# TASK DESCRIPTION:
Reproduce the listing that follows word for word, without its pictures.

# GIVEN MATERIAL:
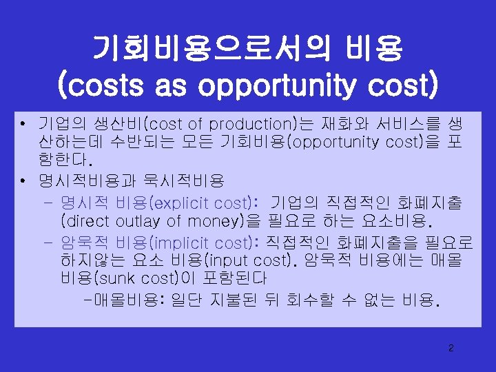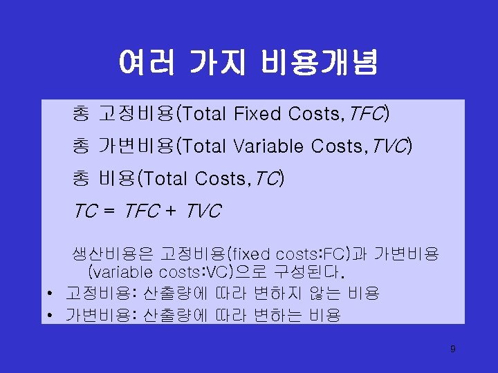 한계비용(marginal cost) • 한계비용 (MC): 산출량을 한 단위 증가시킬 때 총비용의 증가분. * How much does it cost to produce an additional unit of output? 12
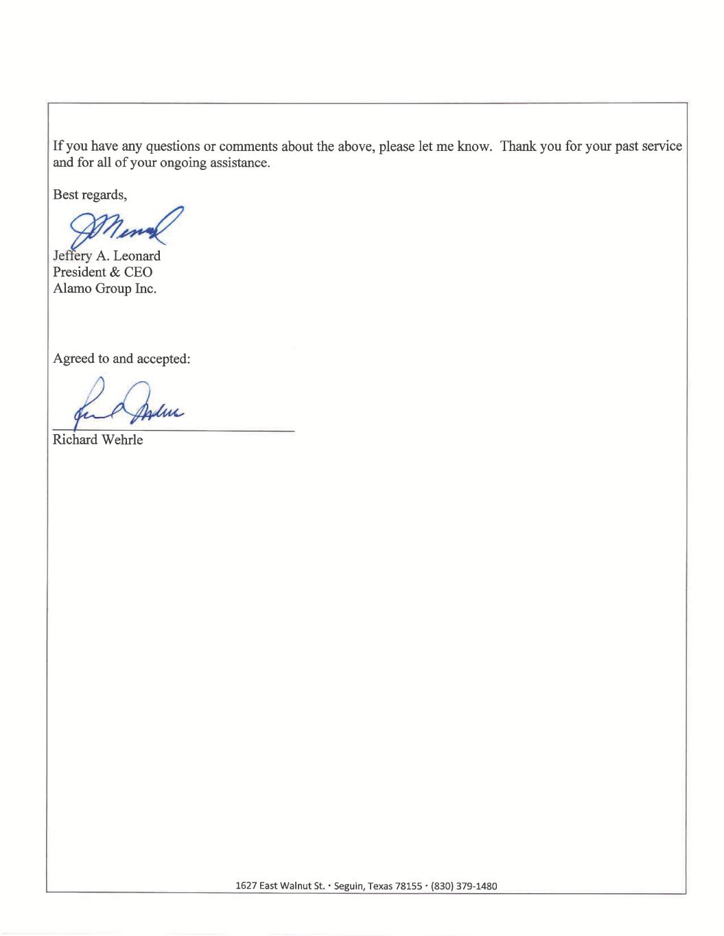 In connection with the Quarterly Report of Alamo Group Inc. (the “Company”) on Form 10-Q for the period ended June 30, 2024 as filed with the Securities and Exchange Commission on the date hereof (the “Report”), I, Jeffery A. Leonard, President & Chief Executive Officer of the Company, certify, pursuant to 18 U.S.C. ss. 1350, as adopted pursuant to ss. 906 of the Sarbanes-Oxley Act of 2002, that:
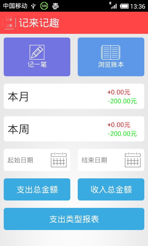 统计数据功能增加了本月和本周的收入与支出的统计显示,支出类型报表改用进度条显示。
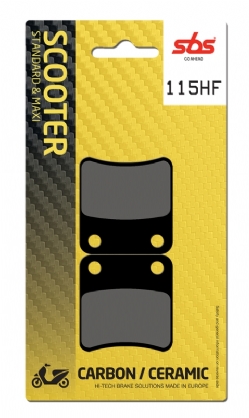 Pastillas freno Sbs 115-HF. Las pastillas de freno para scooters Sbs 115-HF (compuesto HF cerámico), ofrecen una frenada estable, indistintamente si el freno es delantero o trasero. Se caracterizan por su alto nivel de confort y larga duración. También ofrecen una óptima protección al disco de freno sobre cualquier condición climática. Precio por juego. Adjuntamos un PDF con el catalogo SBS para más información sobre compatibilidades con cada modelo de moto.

# FINAL ANSWER:
 한계비용(marginal cost) • 한계비용 (MC): 산출량을 한 단위 증가시킬 때 총비용의 증가분. * How much does it cost to produce an additional unit of output? 12
 In connection with the Quarterly Report of Alamo Group Inc. (the “Company”) on Form 10-Q for the period ended June 30, 2024 as filed with the Securities and Exchange Commission on the date hereof (the “Report”), I, Jeffery A. Leonard, President & Chief Executive Officer of the Company, certify, pursuant to 18 U.S.C. ss. 1350, as adopted pursuant to ss. 906 of the Sarbanes-Oxley Act of 2002, that:
 统计数据功能增加了本月和本周的收入与支出的统计显示,支出类型报表改用进度条显示。
 Pastillas freno Sbs 115-HF. Las pastillas de freno para scooters Sbs 115-HF (compuesto HF cerámico), ofrecen una frenada estable, indistintamente si el freno es delantero o trasero. Se caracterizan por su alto nivel de confort y larga duración. También ofrecen una óptima protección al disco de freno sobre cualquier condición climática. Precio por juego. Adjuntamos un PDF con el catalogo SBS para más información sobre compatibilidades con cada modelo de moto.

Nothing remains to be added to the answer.